EXERCISE DESCRIPTION ▸ Nothing outside the range is to be copied. From the entries below, reproduce exactly the lines starting at the one with "Het Sascha shirt" and ending at the one with "Stylish Cole Haan", without pictures.

DATA SHOWN ▸
# # # # #
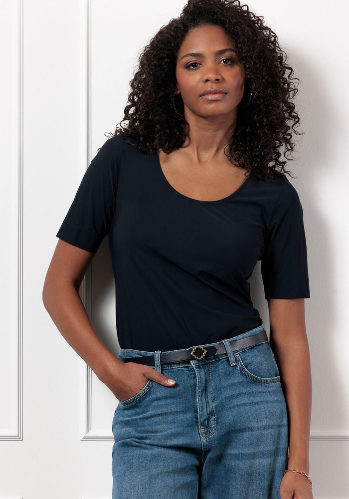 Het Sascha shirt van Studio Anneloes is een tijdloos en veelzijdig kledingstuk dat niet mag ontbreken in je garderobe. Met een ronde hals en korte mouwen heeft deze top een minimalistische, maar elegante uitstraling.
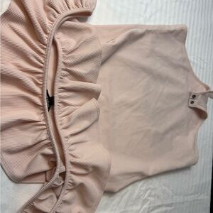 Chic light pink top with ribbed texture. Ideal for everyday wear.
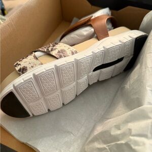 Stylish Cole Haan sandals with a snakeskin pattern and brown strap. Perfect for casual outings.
# # # # #
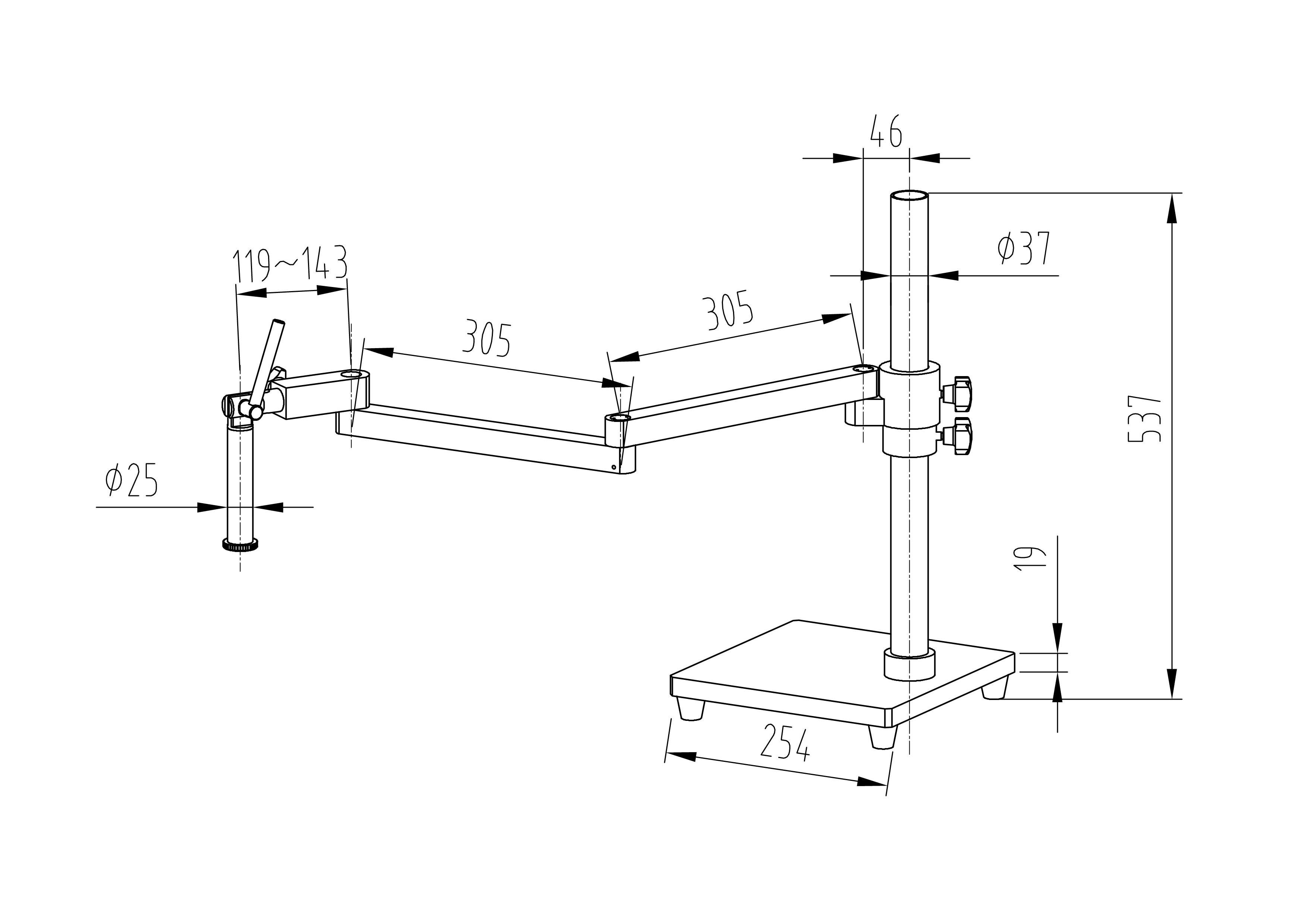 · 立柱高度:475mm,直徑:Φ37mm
# # # # #
COMPLETED TASK ▸
 Het Sascha shirt van Studio Anneloes is een tijdloos en veelzijdig kledingstuk dat niet mag ontbreken in je garderobe. Met een ronde hals en korte mouwen heeft deze top een minimalistische, maar elegante uitstraling.
 Chic light pink top with ribbed texture. Ideal for everyday wear.
 Stylish Cole Haan sandals with a snakeskin pattern and brown strap. Perfect for casual outings.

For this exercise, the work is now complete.